In her article, Rice said that Democrats needed to show they could deliver on a promise of change. She said Pelosi had done great things for the party and country, and that she was certainly qualified for the position.

“It is true that Pelosi is exceptionally experienced and knowledgeable,” Rice wrote. “But the idea that there is only one person capable of doing this job in a caucus of 230-plus members is absurd.”

She said the Democrats needed someone who could promote change, focus on the future and shake up the status quo. Earlier this month, Rice suggested that that person could be Tim Ryan (D-Ohio), whom she said had her “complete support.”

“Right now, Tim Ryan is the one person who’s starting those tough conversations that so many of us wanted our entire caucus to have,” Rice said in a statement.

In her article, Rice addressed the claim made by some Pelosi supporters that criticism of the minority leader was due to sexism. She said the desire within the party for new leadership comes from a need to shake up stagnant leadership, not sexism. She also addressed the claim on Twitter.

Rep. Tom Suozzi (D-Glen Cove) has so far not challenged Pelosi’s quest to be speaker. Instead, Suozzi — along with eight other members of the Problem Solvers Caucus, a mix of moderate Democrats and Republicans — signed a letter to Pelosi, asking her to promote a set of rule changes that would improve how the House operates.

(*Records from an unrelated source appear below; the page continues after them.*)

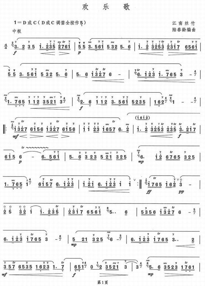 >> 欢乐歌-笛子独奏曲(笛子曲谱_简谱)
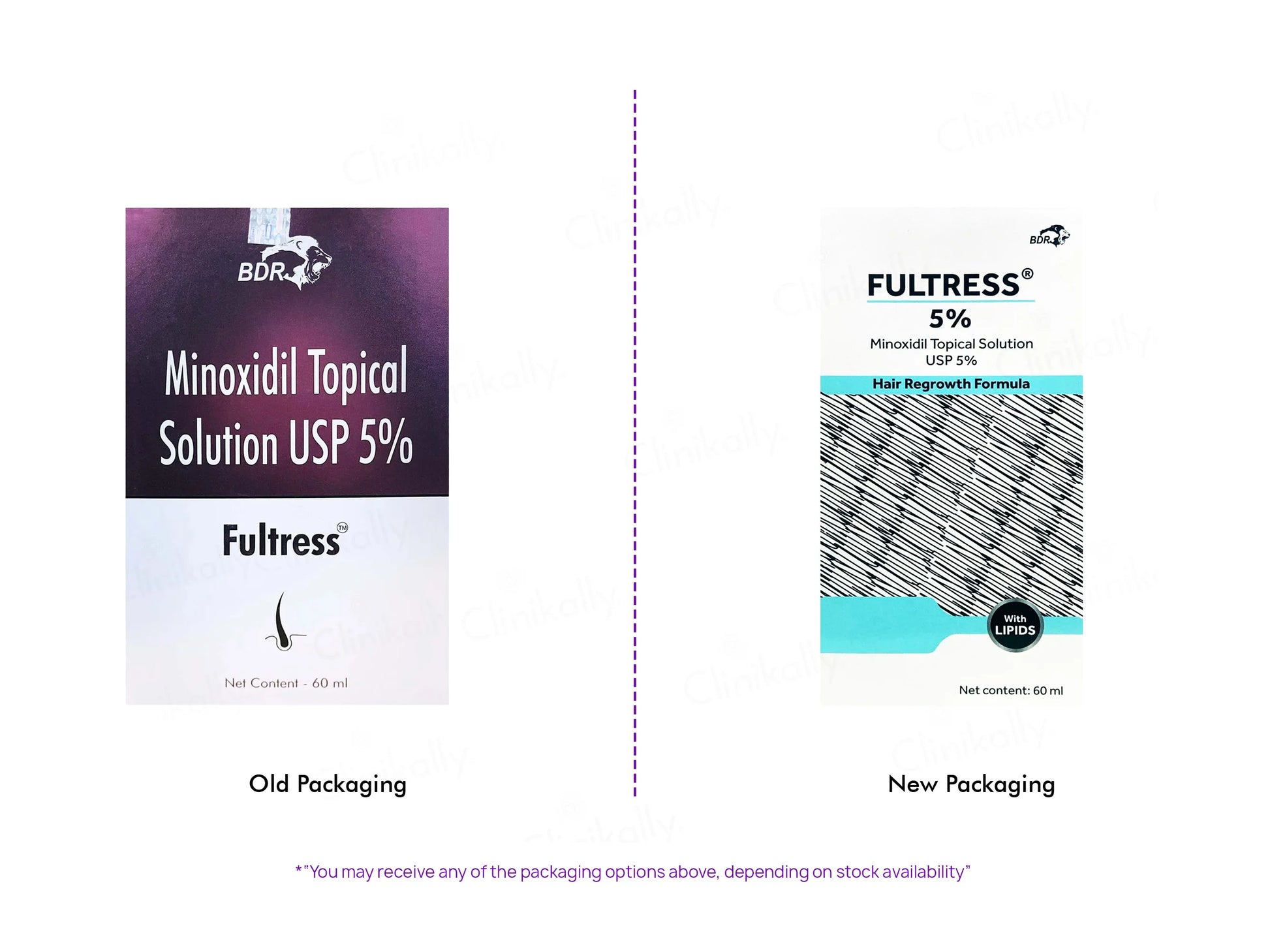 Regain confidence with Fultress 5% Topical Solution, a dermatologist-recommended formulation designed to treat androgenetic alopecia, reduce hair thinning, and stimulate new, stronger hair growth. Powered with a clinically backed duo — Minoxidil (5%) + Finasteride (Topical) — this advanced solution targets the root cause of male pattern baldness by improving scalp circulation and reducing DHT levels.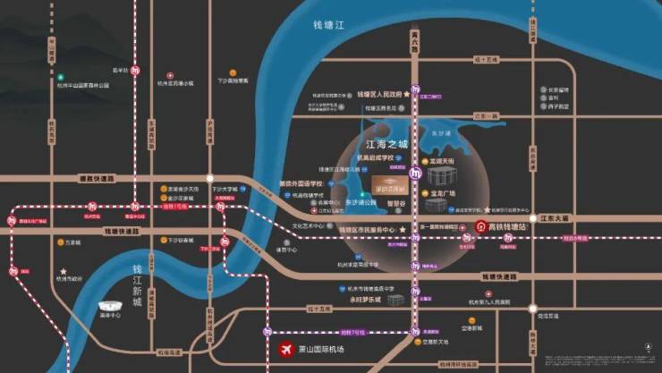 项目落笔钱塘核芯,面朝东沙湖,一线湖景举步即达,感受约540亩湖水流淌的自然治愈力;隔街对望龙湖江东天街,盛载万象生活,咫尺地铁口(7号线启成路站),娱乐休闲之余沉浸自然与都市璀璨的和谐共生。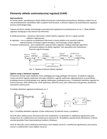1 Elementy układu automatycznej regulacji (UAR) Wprowadzenie W naszej szkole, specjalizacją w klasie elektronicznej jest automatyka przemysłowa. Niniejszy artykuł ma na celu przedstawienie czytelnikom kilku urządzeń technicznych, w których odbywa się automatyczna regulacja procesu technologicznego. Typowa struktura układu zamkniętego automatycznej regulacji jest przedstawiona na rys. 1. Obok obiektu regulacji występują w niej zawsze trzy elementy: ● układ pomiarowy – dostarcza informacji o stanie obiektu regulacji. Jest to z reguły wartość wielkości regulowanej. ● regulator – ma za zadanie na podstawie informacji o stanie obiektu oraz wartości zadanej wypracowywać na bieżąco sygnał sterujący, minimalizujący uchyb regulacji. ● element wykonawczy – jest urządzeniem, poprzez który regulator według zadanego algorytmu sterowania wpływa na obiekt regulacji. Tym sposobem jest realizowany fizycznie sygnał sterujący. Rys. 1. Typowa struktura układu regulacji Ogólne uwagi o obiektach regulacji W technice istnieje wiele obiektów, które podlegają lub mogą podlegać sterowaniu. W obiekcie regulacji można wyróżnić sygnały wejściowe sterujące obiektem, sygnały wyjściowe odpowiedzialne za prawidłowy przebieg procesu produkcyjnego oraz sygnały zakłócające przebieg procesu. Przykładami obiektów regulacji są: turbina parowa, silnik elektryczny, silnik spalinowy, zbiornik cieczy, piec elektryczny lub gazowy, obrabiarka sterowana numerycznie. Przykłady obiektów regulacji przedstawia rys. 2 Rys.2. Przykłady obiektów regulacji: a) piec elektryczny, b) zbiornik cieczy, c) prądnica ad a) W piecu elektrycznym sterowana jest moc wydzielona u w grzejniku R, wielkością regulowaną y jest temperatura Θ a zakłóceniem jest temperatura otoczenia Θz. W podobny sposób działa chłodziarka, w której zamiast grzejnika R jest doprowadzone medium chłodzące. ad b) W zbiorniku cieczy wielkością sterowaną u jest dopływ cieczy Q, a wielkością regulowaną y jest poziom cieczy h a zakłóceniem z jest odpływ cieczy Qz. 2 ad c) W prądnicy wielkością sterowaną u jest prąd wzbudzenia Iw, wielkością regulowaną y jest napięcie twornika U, natomiast zakłóceniem z jest obciążenie R. Podstawowe struktury układów sterowania W przypadku, kiedy chcemy oddziaływać na jeden, nieskomplikowany proces, wtedy stosujemy dwie struktury układów sterowania: ● układ otwarty ● układ zamknięty zwany też układem regulacji Układ sterowania otwartego charakteryzuje się jednokierunkowym oddziaływaniem sygnału sterującego na obiekt sterowania, bez możliwości kontroli prawidłowej realizacji sterowania. Rys. 3. Układ sterowania otwartego Przykładem jest zdalne załączanie silników, oświetlenia itp. bez sprawdzania przez załączającego, czy decyzja rzeczywiście została wykonana. Mogły przecież wystąpić zakłócenia w postaci przepalenia się bezpiecznika, uzwojenia silnika, żarówki lub linii energetycznej. Przy sterowaniu otwartym nie ma możliwości kompensacji wpływu niepożądanych zakłóceń zewnętrznych na wielkość sterowania u. Regulacja automatyczna polega na samoczynnym utrzymywaniu wartości wielkości sterowanej zgodnie z jej (stałą lub zmienną) wartością zadaną. W zamkniętym układzie sterowania, zwanym układem regulacji, do określenia sposobu oddziaływania na układ wykorzystywany jest stan wyjścia układu. W układzie zamkniętym sterowania regulator tak formuje sygnał nastawczy, aby różnica między wartością wielkości regulowanej, a wartością zadaną (zwaną sygnałem błędu ε) osiągnęła minimum. Wyróżnia się dwie struktury układów regulacji zamkniętej przedstawione na rys. 4. Rys. 4. Podstawowe struktury układów regulacji Przykłady układów regulacji 1. Sterowanie ręczne w układzie zamkniętym Schemat zamkniętego układu sterowania ręcznego przedstawia rys. 5. Centralnym elementem układu jest obiekt sterowania – urządzenie lub proces, w którym steruje się co najmniej jednym z parametrów. Ten parametr jest mierzony i przetwarzany na standardowy sygnał pomiarowy przez zespół pomiarowy i wskazywany przez przyrząd pomiarowy. Człowiek sterujący procesem porównuje wartość wskazywanego parametru z wartością ustaloną wcześniej jako optymalną i w przypadku wystąpienia różnicy oddziałuje odpowiednio na obiekt sterowania za pośrednictwem urządzenia wykonawczego. Proces sterowania komplikują zakłócenia wpływające na sterowany parametr. Gdyby nie było zakłóceń, można by jednorazowo ustalić optymalne ustawienie urządzenia wykonawczego i sterowanie byłoby zbędne. 3 Ponieważ w układzie występuje zwrotne oddziaływanie na obiekt, przeciwdziałające zmianom wielkości sterowanej (sprzężenie zwrotne ujemne), układ regulacji ręcznej jest układem zamkniętym. Rys. 5. Schemat zamkniętego sterowania ręcznego Przykładowy układ regulacji ręcznej przedstawiono na rys. 5. Operator obsługujący proces ogrzewania cieczy w wymienniku ciepła porównuje wskazania miernika temperatury T z wartością temperatury właściwą dla procesu, zadaną mu przez instrukcję technologa. Gdy temperatura cieczy jest za wysoka, zmniejsza pokrętłem zaworu strumień pary Q doprowadzony do wymiennika. Przy temperaturze za niskiej reaguje odwrotnie. Jeżeli temperatura jest prawidłowa, nie reaguje. Takie sterowanie procesem wymaga jednak aktywnego udziału operatora, zwłaszcza jego zaangażowania myślowego, nie jest więc automatyczne. Ciekawe jest prześledzenie, jak działałoby tu zastąpienie ujemnego sprzężenia zwrotnego dodatnim. Należy tylko odwrócić reakcję operatora, który na wzrost temperatury T reaguje zwiększeniem strumienia pary do wymiennika. Takie sterowanie doprowadziłoby do osiągnięcia skrajnych możliwych wartości T i całe sterowanie nie miałoby sensu. Dodatnie sprzężenie zwrotne działa na ogół destabilizująco na sterowan

“We know it is not in the best interest of our nation for the House to operate in the same hyper-partisan manner as it did in the 115th Congress, where extremists prevented common sense, bipartisan proposals on health care, immigration reform, infrastructure, and too many others, from reaching the floor,” the letter read.

The reforms would make it easier for bills with bipartisan support to be passed by implementing changes such as preventing a single lawmaker from forcing a vote on ousting the speaker. While passing bills would be streamlined, the majority party would have less control over what bills make it to the floor.

Pelosi met with members of the Problem Solvers Caucus last week and called the meeting “positive and constructive.” She said she would work with Congress to help break the gridlock in Washington.

Whether Suozzi will support Pelosi’s return to leadership remains to be seen. During the campaign, Suozzi said he was not committed to supporting Pelosi’s return as speaker. But in a recent interview with Newsday, Suozzi said the letter was “not an anti-Nancy Pelosi thing. It’s a try to fix a broken system thing.”